**PROBLEM STATEMENT:** What is needed is an exact reproduction of the lines in the records below, starting at the line with "Lampy z serii" and ending at the line with "kartoffelsalat allameng nach", both included, and nothing else; pictures stay out.

Collected data entries
BEGIN
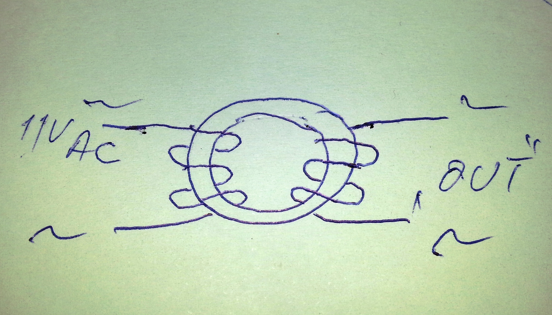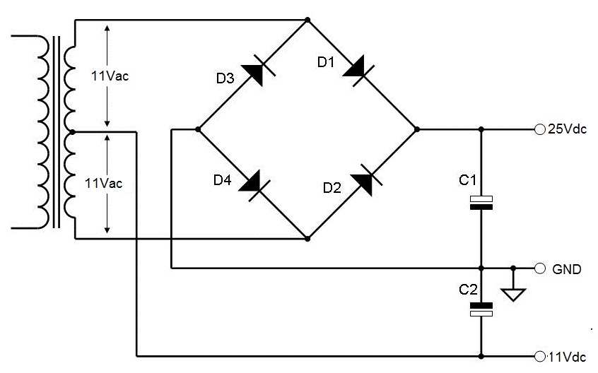 Now the transformer he got isn't quite a perfect match: it's a center-tapped transformer with two 11v windings, instead of two separate ones, so to work around that, I suggested connecting the outer "ends" to the rectifier to give us the 20v we needed for the output and then power the instruments with the center tap at 11v, as per the schematic attached (ok, the actual values are higher than that, but let's assume it's ideal). It works, the voltage adjusts up and down and it's within spec, but there's one problem: the ammeter doesn't read correctly. It's way off, by like half an amp, so if I load the output with 1a, the meter only reads like 0.34A !
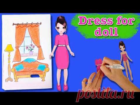 Изображение, показывающее куклу и процесс подготовки одежды для нее. На одной части картинки руки делают платье, а рядом картинка салона с мебелью и занавесками.
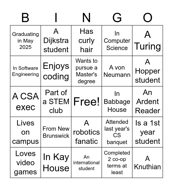 This bingo card has a free space and 24 words: From New Brunswick, In Kay House, Wants to pursue a Master's degree, Loves video games, A Turing, Graduating in May 2025, In Software Engineering, A Dijkstra student, In Babbage House, A robotics fanatic, A von Neumann, A CSA exec, Attended last year's CS banquet, Is a 1st year student, Enjoys coding, Completed 2 co-op terms at least, An Ardent Reader, Has curly hair, A Hopper student, Part of a STEM club, A Knuthian, Lives on campus, In Computer Science and An international student.
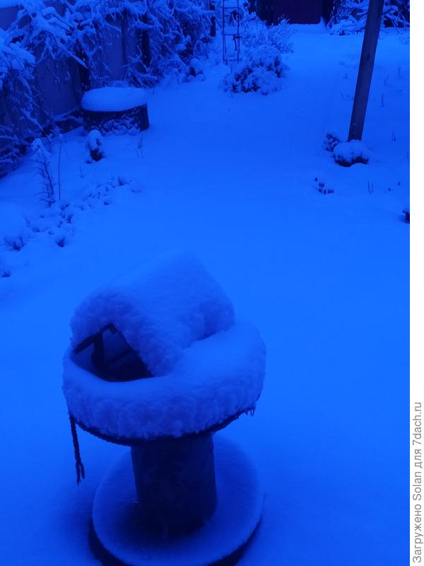 Слева на фото колодец — сейчас его не видно, теперь перед ним беседка. Так как места было мало, долго думали, куда ее разместить, в итоге сделали ее сквозной, через нее теперь ведет дорожка. Как потеплеет, постараюсь сделать фото с беседкой.
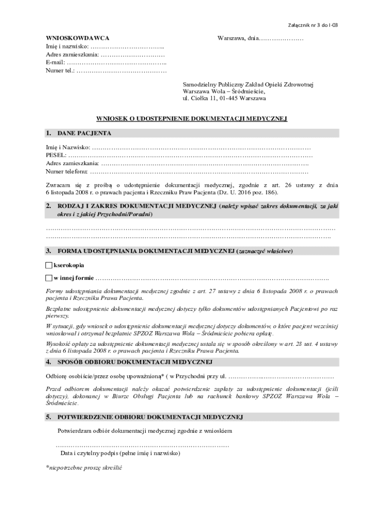 The Medical Records Request Form includes several fillable fields that gather vital information. Required fields such as 'Imię i nazwisko', 'Adres zamieszkania', and 'PESEL' are essential for identifying the patient and their records. Additionally, options for the preferred method of receiving medical documentation are clearly outlined within the form.
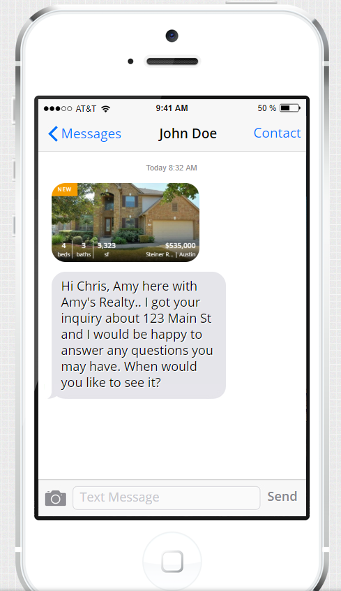 With enhanced property images, a new feature releasing on or before November 18, 2018, the agent can maximize their number of appointments by texting the consumer a hyper-personalized text message. This message doesn't contain a URL, since most consumers perceive links as potentially dangerous.
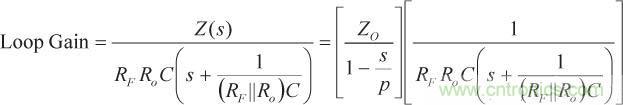 等式6中的環(huán)路增益非常明顯,可通過以下等式求得
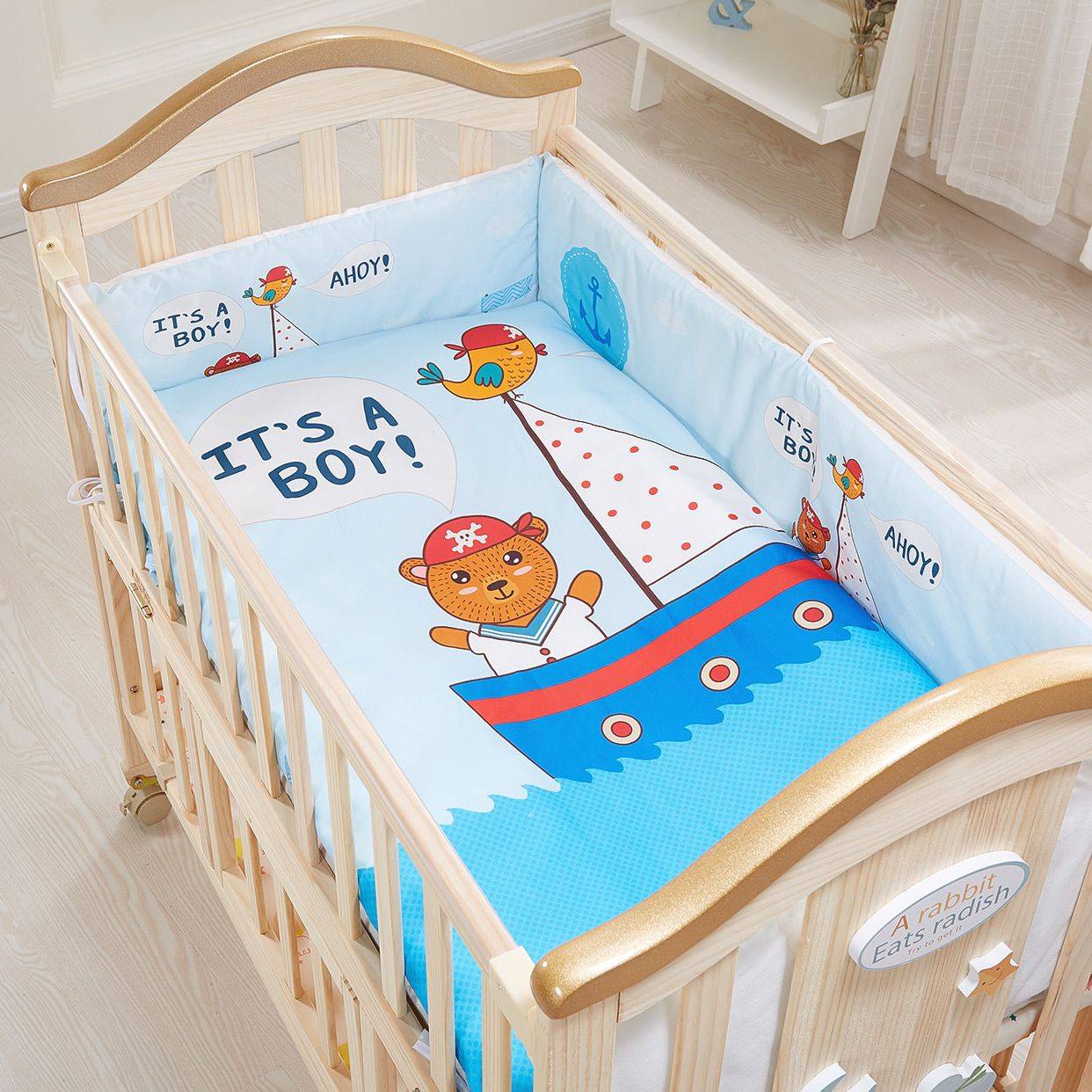 嬰兒睡眠用品 嬰兒睡眠用品是用于嬰兒睡眠或者針對(duì)嬰兒睡眠而設(shè)計(jì)或營(yíng)銷的商品。這些商品包括但不限于嬰兒床、搖籃式嬰兒床、摩西籃、搖籃、床邊床、傾斜睡眠用品、家用幼兒床和便攜式折疊幼兒床。還涵蓋旨在安撫嬰兒的商品,如彈跳椅以及供日間使用、為嬰兒提供支撐、舒適度或娛樂的搖椅。 嬰兒床 嬰兒床又稱幼兒床,專為 0 至 24 月齡的嬰幼兒提供睡眠環(huán)境。嬰兒床四周有護(hù)欄,通常一側(cè)護(hù)欄垂下,方便護(hù)理嬰幼兒。 全尺寸嬰兒床的內(nèi)部尺寸如下:
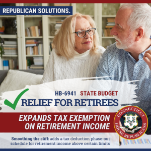 Connecticut seniors are supported in the budget agreement, which eliminates the benefits cliff on their pension and annuity income or individual retirement accounts. The plan phases out the income tax exemption on those earnings post-retirement gradually by raising the income threshold from $100k to $150k for joint filers and $75k to $100k for single, separate, and head of household filers.
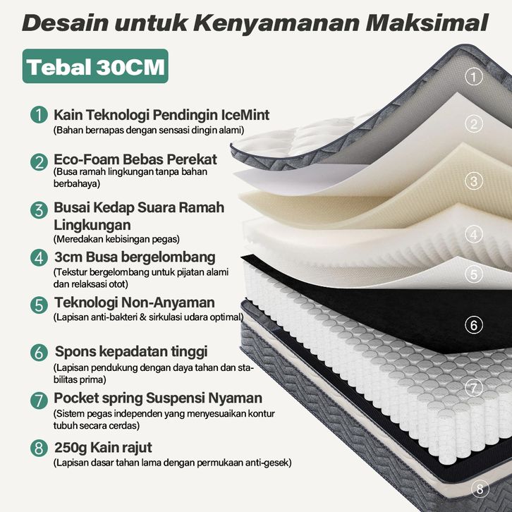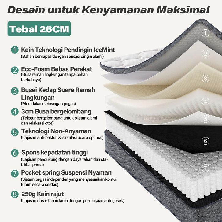 Kasur Springbed Kavara Kasur Busa Tebal 20 26 30cm Ukuran 90x200 120x200 160x200 180x200 Spring Bed No 1 2 3 4 Murah
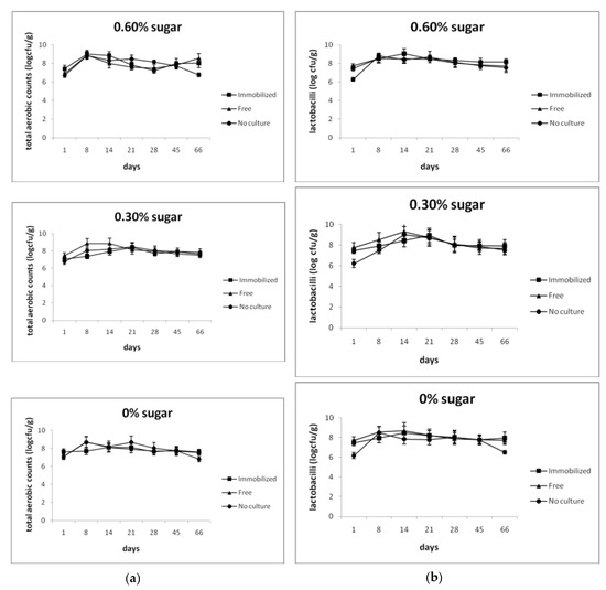 Lactobacillus casei ATCC 393 has been previously incorporated into food products [7,19,20,23] to confer probiotic properties [2,24,25] due to its acid-tolerant nature and activity against food spoilage and food-borne pathogenic microorganisms. Importantly, cell immobilization resulted in significantly increased survival rates over free cells during heat-treatment of dry-fermented sausages [19], as the probiotic cells were detected above the minimum levels required for conferring a beneficial effect using strain-specific multiplex PCR [19]. Likewise, immobilized L casei ATCC 393 cells were proposed as a protective shield against spoilage of probiotic dry-fermented sausages [20]. However, the effect of the initial sugar concentration on the quality characteristics and the shelf-life of probiotic dry-fermented sausages containing free or immobilized L. casei ATCC 393 cells was not studied.
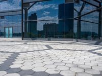 This stock photo captures the beautiful reflection of buildings from inside a glassed building in Taipei, Taiwan. The image showcases the impressive architecture of Taiwan's capital city, highlighting the modern business district and office buildings. The open space and paver surface create a dynamic atmosphere. The photograph was taken during daytime in the bustling city, also known as Formosa, in the Republic of China (Taiwan).
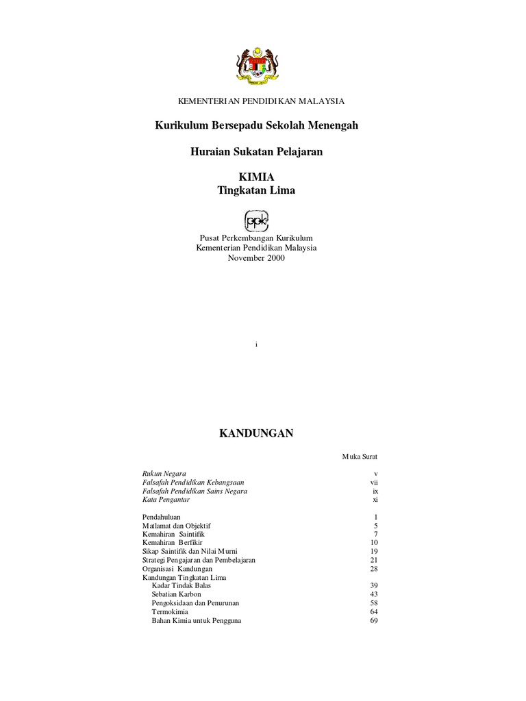 Huraian Sukatan Pelajaran Kimia Tingkatan 5 2013 Pdf Document
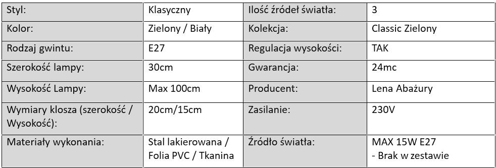 Lampy z serii Classic Butelkowa Zieleń wykonano z wysokiej jakości materiałów. Abażury pokryte są tkaniną w modnym odcieniu butelkowej zieleni, pod którą znajduje się biała folia PVC – zapewnia to równomierne, przyjemne dla oka rozproszenie światła. Całość uzupełniają metalowe stelaże w dwóch wersjach kolorystycznych: klasycznej bieli lub głębokiej czerni, co umożliwia idealne dopasowanie lamp do stylu wnętrza.
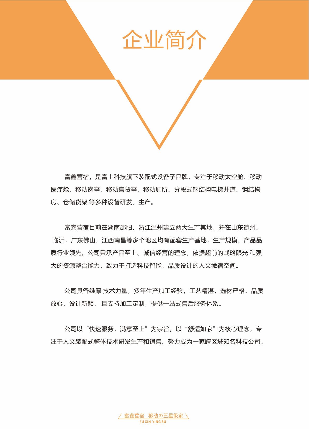 富鑫营宿,是富士科技旗下装配式设备子品牌,专注于移动太空舱、移动医疗舱、移动岗亭、移动售货亭、移动厕所、分段式钢结构电梯井道、钢结构房、仓储货架 等多种设备研发、生产。
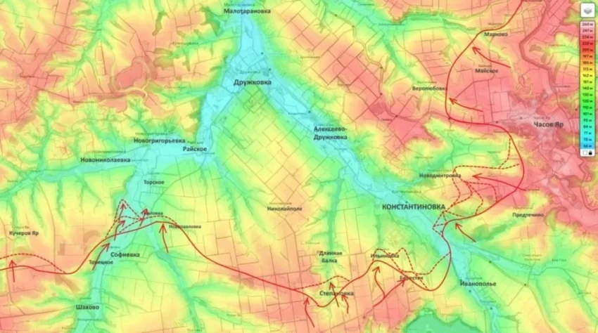 Активные боевые действия продолжаются и на Константиновском направлении в Донецкой Народной Республике. По данным из открытых источников, российские подразделения за сутки продвинулись на запад от Константиновки, установив контроль над территорией площадью около 26 квадратных километров.
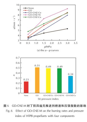 图6 GO-CHZ-M对丁羟四组元推进剂燃速和压强指数的影响
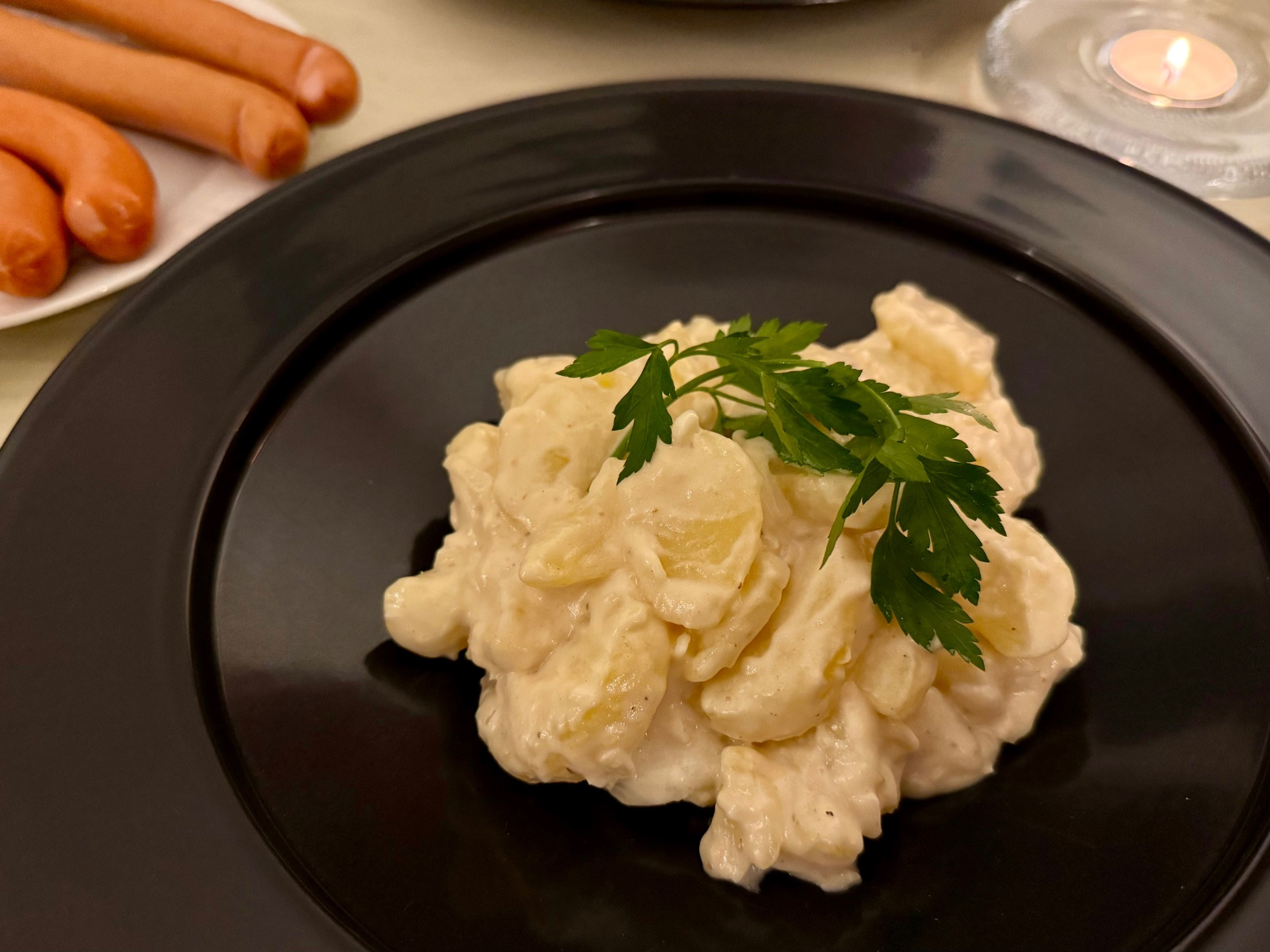 kartoffelsalat allameng nach dem vor wenigen tagen im tagesspiegel veröffentlichten geheimen rezept von rogacki, dazu zweierlei biofleisch-wiener (schwein und kalb)
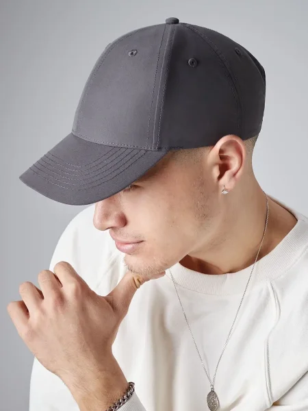 Cappellino da baseball personalizzato a 6 pannelli, realizzato in 100% poliestere riciclato con certificazione GRS. Dotato di etichetta removibile per un facile cambio del marchio, pannelli frontali strutturati, visiera pre-curvata, occhielli di ventilazione cuciti e chiusura con fibbia satinata. Ideale per un look personalizzato e sostenibile.
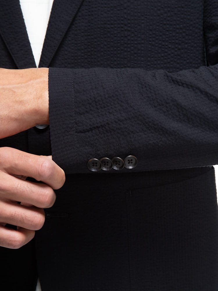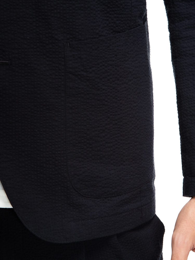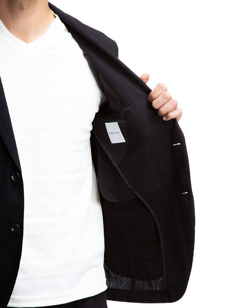 清涼感のあるシアサッカー生地で仕上げたシングル 2ツ釦 ジャケットです。制菌性素材(銀イオン効果)リフレッシュPスーパーを使用し、清潔に着ていただけます。軽量でサッと軽く羽織っていただけます。暖かくなる春夏のアウターにおすすめの一着です。
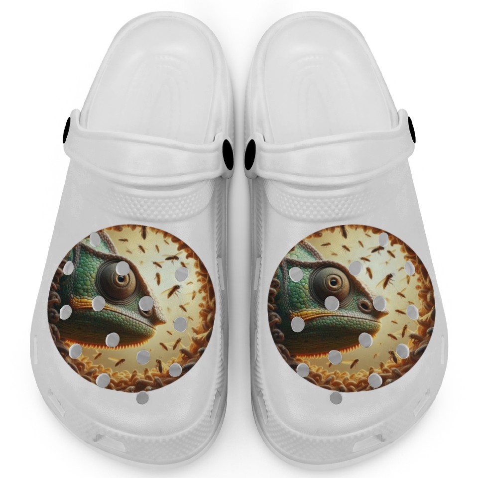 You're looking at the eye-catching product Chameleon head surrounded by bees Clogs For Kids WHITE belong theme Clogs at Printblur
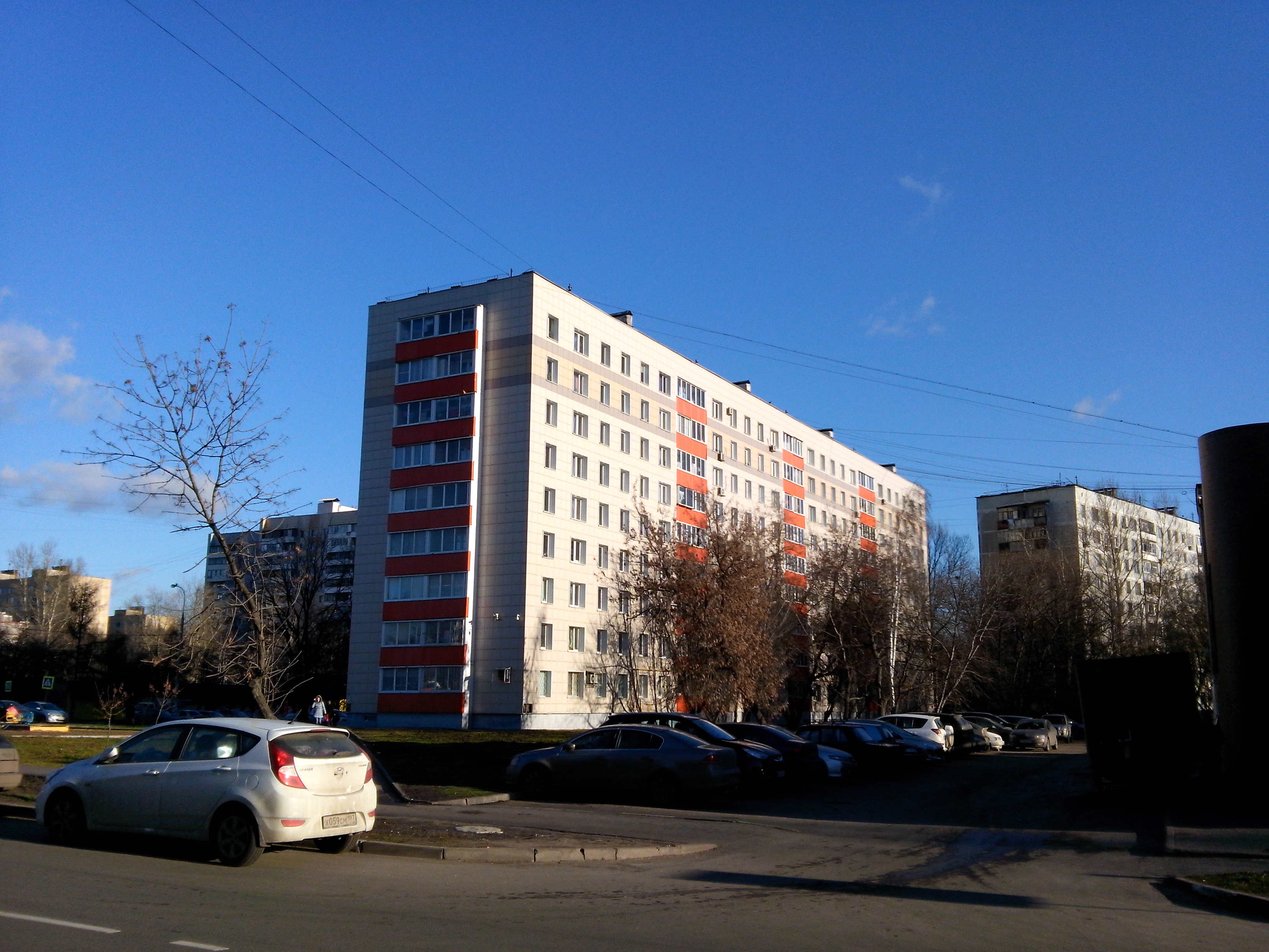 При очень короткой выдержке (1/1122 секунды) результат еще лучше: дом отработан хорошо, следы шарпинга почти незаметны, номер ближайшей машины отлично различим.
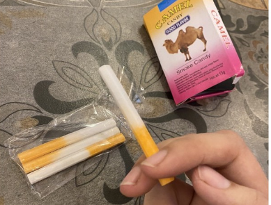 Điều đáng nói, kẹo thuốc lá vừa ăn vừa có thể nhả khói như khi hút thuốc, vị ngọt thơm nên được học sinh ưa thích.
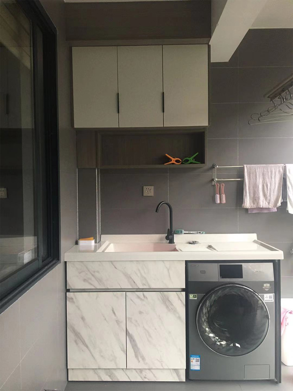 連體的洗衣機(jī)柜臺(tái),下方采用白色大理石紋路的柜門(mén)。上面做了掛柜的設(shè)計(jì),既節(jié)省空間,又方便了物品的放置。
END
**EXERCISE RESPONSE:**
 Lampy z serii Classic Butelkowa Zieleń wykonano z wysokiej jakości materiałów. Abażury pokryte są tkaniną w modnym odcieniu butelkowej zieleni, pod którą znajduje się biała folia PVC – zapewnia to równomierne, przyjemne dla oka rozproszenie światła. Całość uzupełniają metalowe stelaże w dwóch wersjach kolorystycznych: klasycznej bieli lub głębokiej czerni, co umożliwia idealne dopasowanie lamp do stylu wnętrza.
 富鑫营宿,是富士科技旗下装配式设备子品牌,专注于移动太空舱、移动医疗舱、移动岗亭、移动售货亭、移动厕所、分段式钢结构电梯井道、钢结构房、仓储货架 等多种设备研发、生产。
 Активные боевые действия продолжаются и на Константиновском направлении в Донецкой Народной Республике. По данным из открытых источников, российские подразделения за сутки продвинулись на запад от Константиновки, установив контроль над территорией площадью около 26 квадратных километров.
 图6 GO-CHZ-M对丁羟四组元推进剂燃速和压强指数的影响
 kartoffelsalat allameng nach dem vor wenigen tagen im tagesspiegel veröffentlichten geheimen rezept von rogacki, dazu zweierlei biofleisch-wiener (schwein und kalb)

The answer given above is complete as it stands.